“Te he puesto en este día… como columna de hierro”

El Antiguo Testamento: Guía de estudio para el miembro de la clase, 2001


Estudie Jeremías 1–2; 15; 20; 36–38.

Jeremías ejerció su ministerio desde el año 626 hasta el 586 a. C., durante los reinados de cinco reyes (desde Josías hasta Sedequías). Junto con Josías, trató de alejar al pueblo de la idolatría y de la inmoralidad. La vida de Jeremías estuvo colmada de dolor, pero su forma de reaccionar ante las tribulaciones es una inspiración para nosotros. Fue golpeado y puesto en la cárcel por profetizar contra el reino de Judá. Su vida estuvo constantemente amenazada; sin embargo, a pesar de la adversidad y de la oposición, él era como una “columna de hierro” (Jeremías 1:18). El libro de Jeremías proporciona un registro personal, que promueve la fe, sobre la forma en que reaccionó este Profeta ante los sufrimientos y las frustraciones de su vida.

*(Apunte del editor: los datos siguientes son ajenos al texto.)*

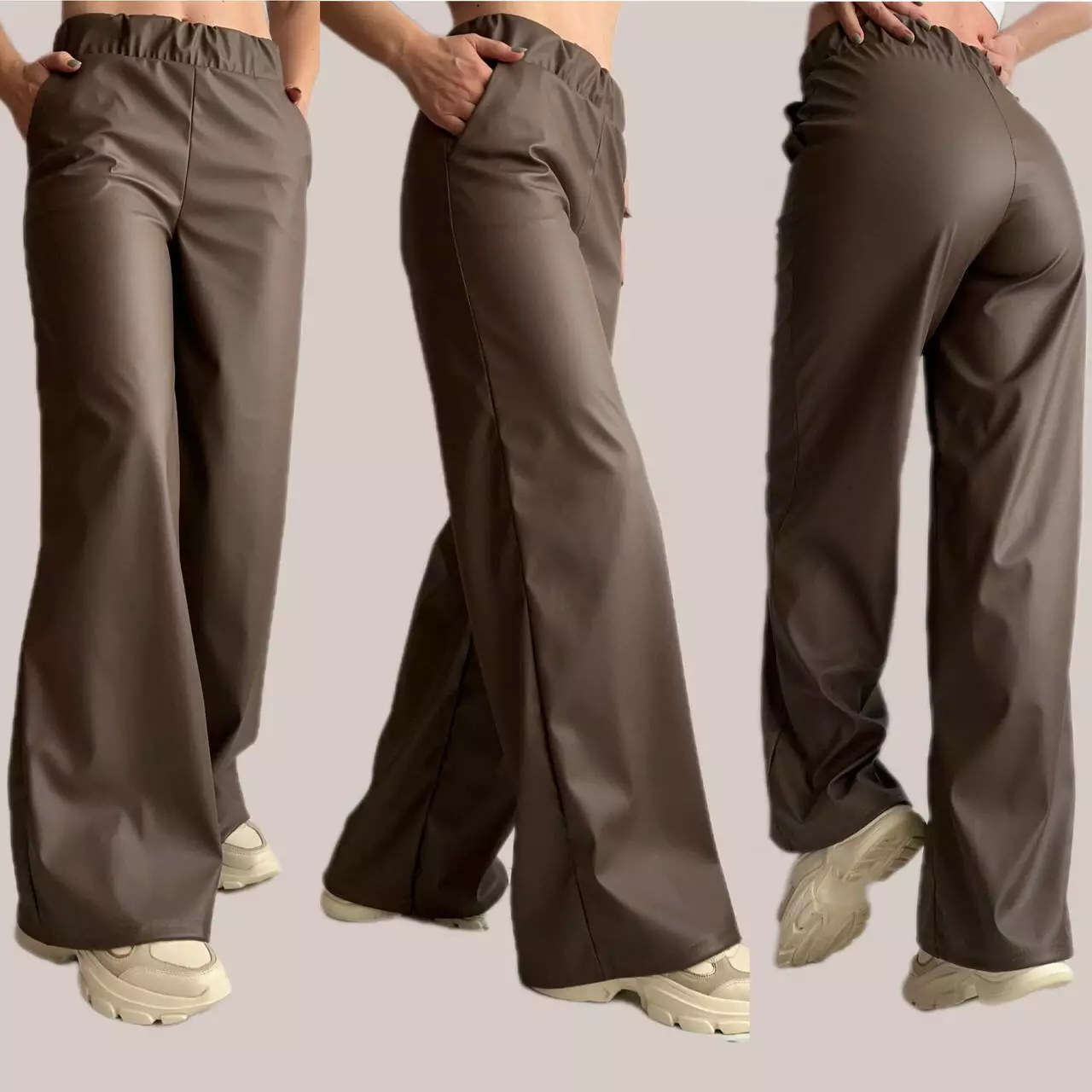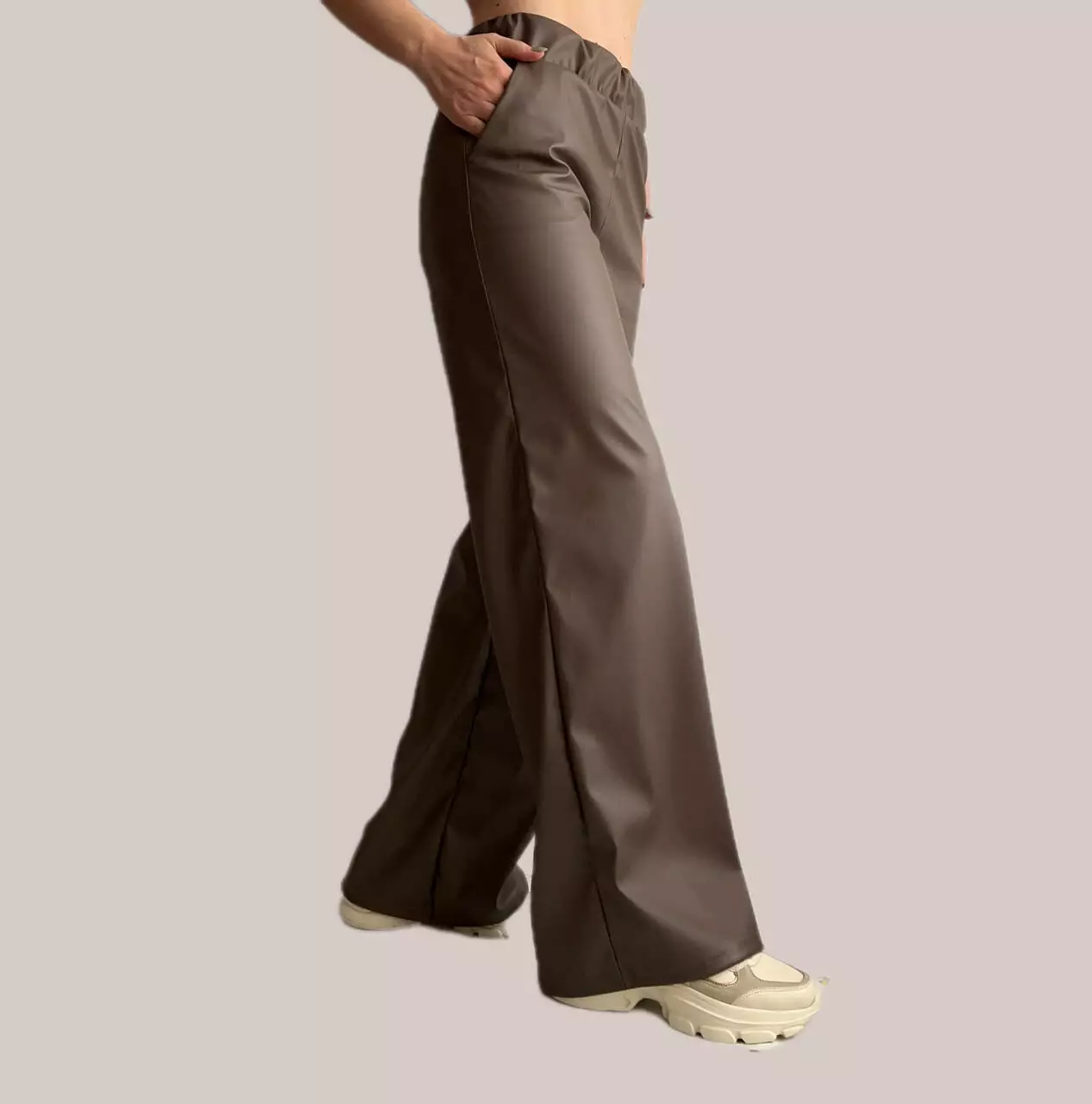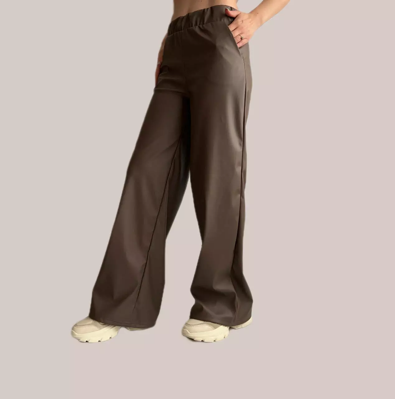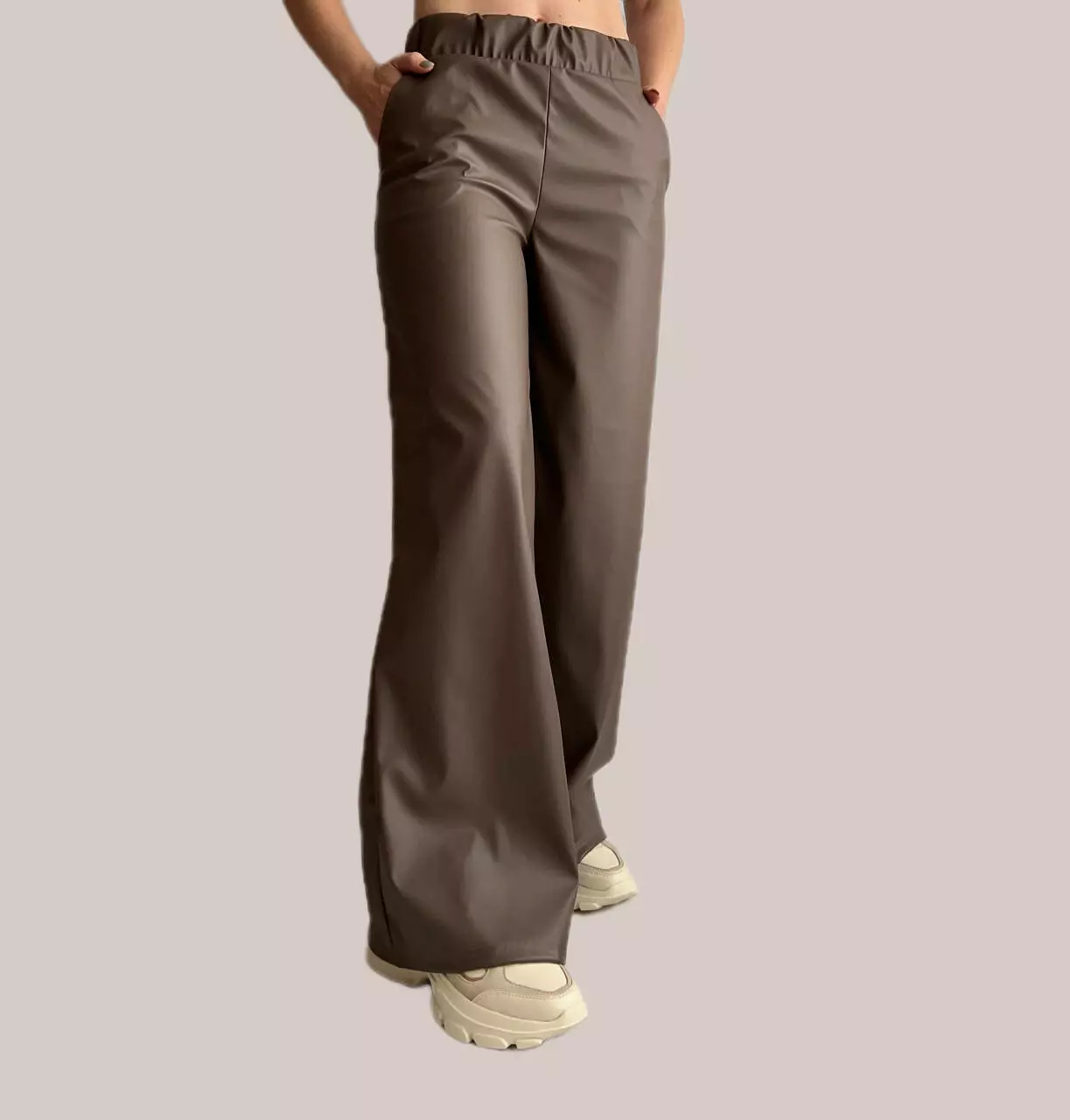 Широкі штани з екошкіри

• ¿Qué nos enseña el llamamiento de Jeremías sobre la doctrina de la preordenación? (Véase Jeremías 1:5.)

• ¿Qué oposición enfrentó Jeremías mientras cumplía la misión que el Señor le había dado? (Véase Jeremías 20:1–6; 26:7–15; 36:1–6, 20–24, 27–32; 37:12–16; 38:4–13.)

• ¿Qué aprendemos de Jeremías que podría ayudarnos en momentos de adversidad?

• Según lo registrado en Jeremías 20:8–9, ¿cómo describe Jeremías la palabra del Señor dentro de él? ¿Qué significa tener la palabra del Señor como un fuego ardiente metido en los huesos?